**Data below**
● ● ●

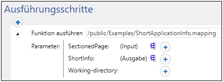 Nachdem Sie das Mapping auf FlowForce Server bereitgestellt haben, wird der Browser geöffnet und die Auftragserstellungsseite wird angezeigt. Wie unten gezeigt, wird der erste Ausführungsschritt automatisch erstellt. Damit wird die zuvor bereitgestellte Mapping-Funktion aufgerufen. Beachten Sie, dass der Input-Parameter denselben Namen wie die MapForce-Quellkomponente (SectionedPage) hat, während der Output-Parameter denselben Namen wie die Zielkomponente (ShortInfo) hat.
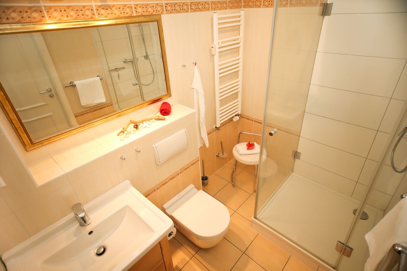 Eine Terrasse lädt zum Verweilen ein. Ein Duschbad/WC rundet die Ferienwohnung ab. Die Ferienwohnung ist mit Fliesen ausgestattet. Die Schlafzimmer verfügen über einen hochwertigen Vinyl-Boden.
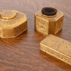 A gorgeous antique Arts & Crafts or Art Deco period gilt bronze “Zodiac” pattern stamp box, desk box, decorative box, or jewelry box
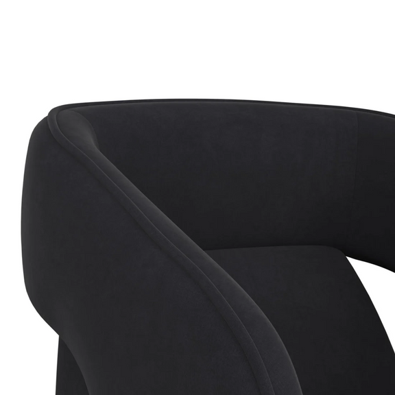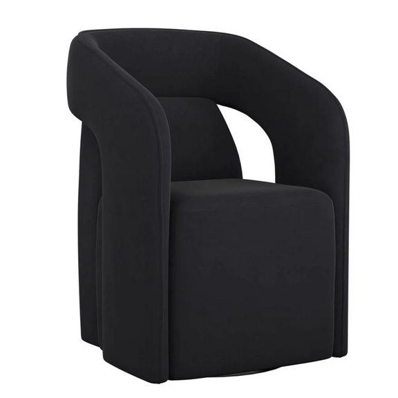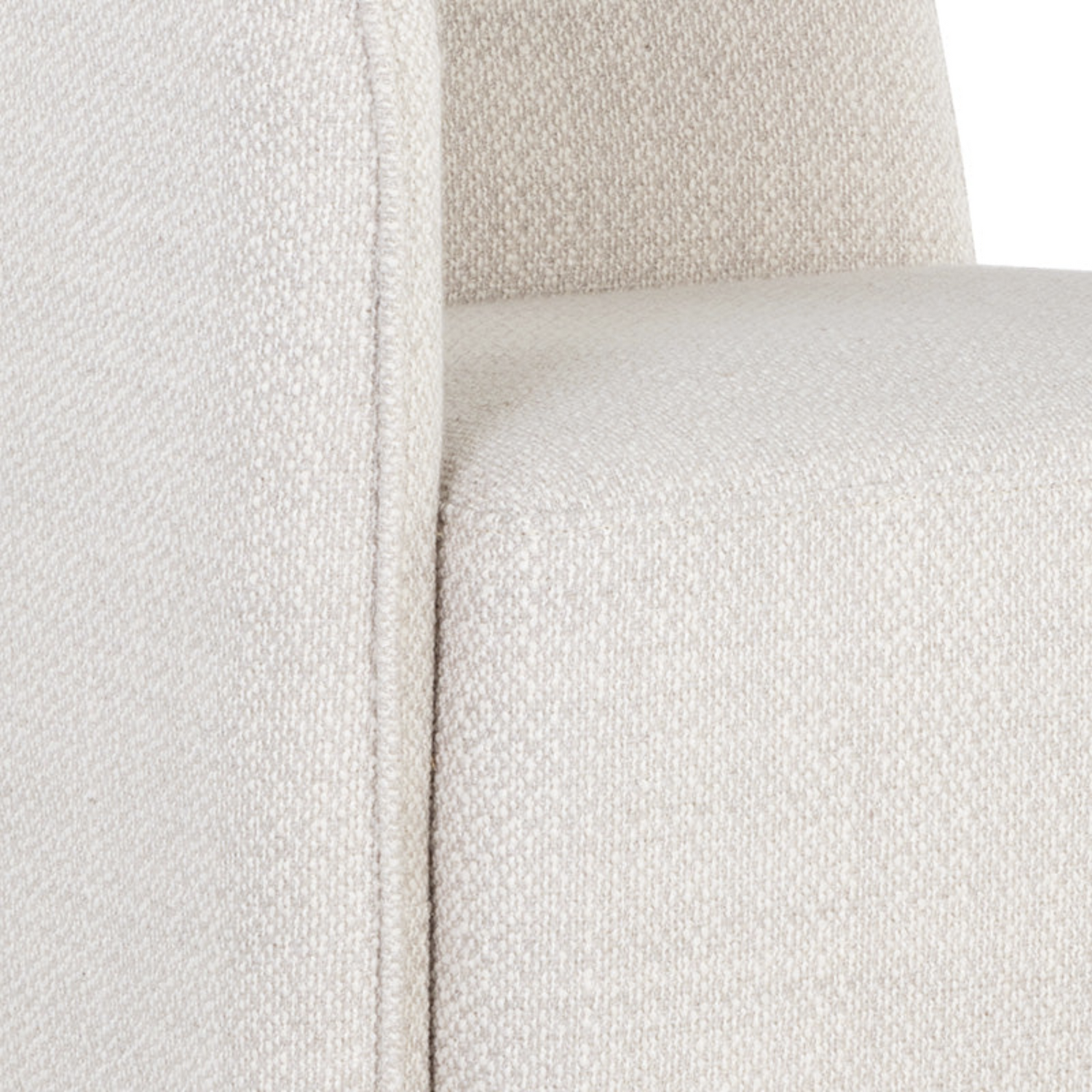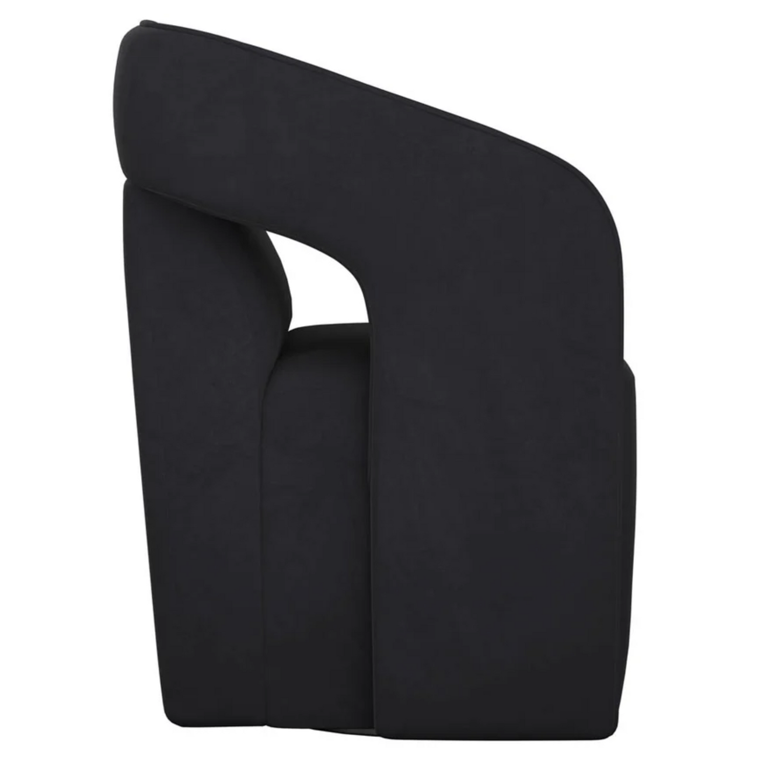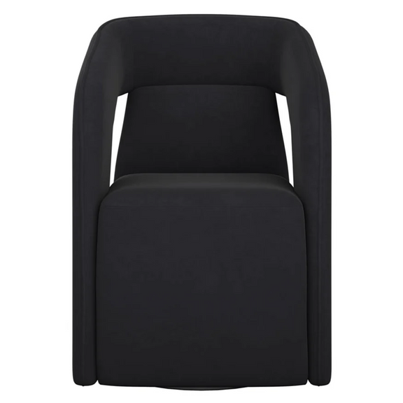 A futuristic wheeled dining armchair featuring cut out arms and a large, comfortable seat. Stocked in moto stucco performance fabric. Performance fabric is moisture repellent, durable and easy to clean.

● ● ●

**What to produce**
Restate every line above word for word. Do not carry over the images.

**Exercise response**
 Nachdem Sie das Mapping auf FlowForce Server bereitgestellt haben, wird der Browser geöffnet und die Auftragserstellungsseite wird angezeigt. Wie unten gezeigt, wird der erste Ausführungsschritt automatisch erstellt. Damit wird die zuvor bereitgestellte Mapping-Funktion aufgerufen. Beachten Sie, dass der Input-Parameter denselben Namen wie die MapForce-Quellkomponente (SectionedPage) hat, während der Output-Parameter denselben Namen wie die Zielkomponente (ShortInfo) hat.
 Eine Terrasse lädt zum Verweilen ein. Ein Duschbad/WC rundet die Ferienwohnung ab. Die Ferienwohnung ist mit Fliesen ausgestattet. Die Schlafzimmer verfügen über einen hochwertigen Vinyl-Boden.
 A gorgeous antique Arts & Crafts or Art Deco period gilt bronze “Zodiac” pattern stamp box, desk box, decorative box, or jewelry box
 A futuristic wheeled dining armchair featuring cut out arms and a large, comfortable seat. Stocked in moto stucco performance fabric. Performance fabric is moisture repellent, durable and easy to clean.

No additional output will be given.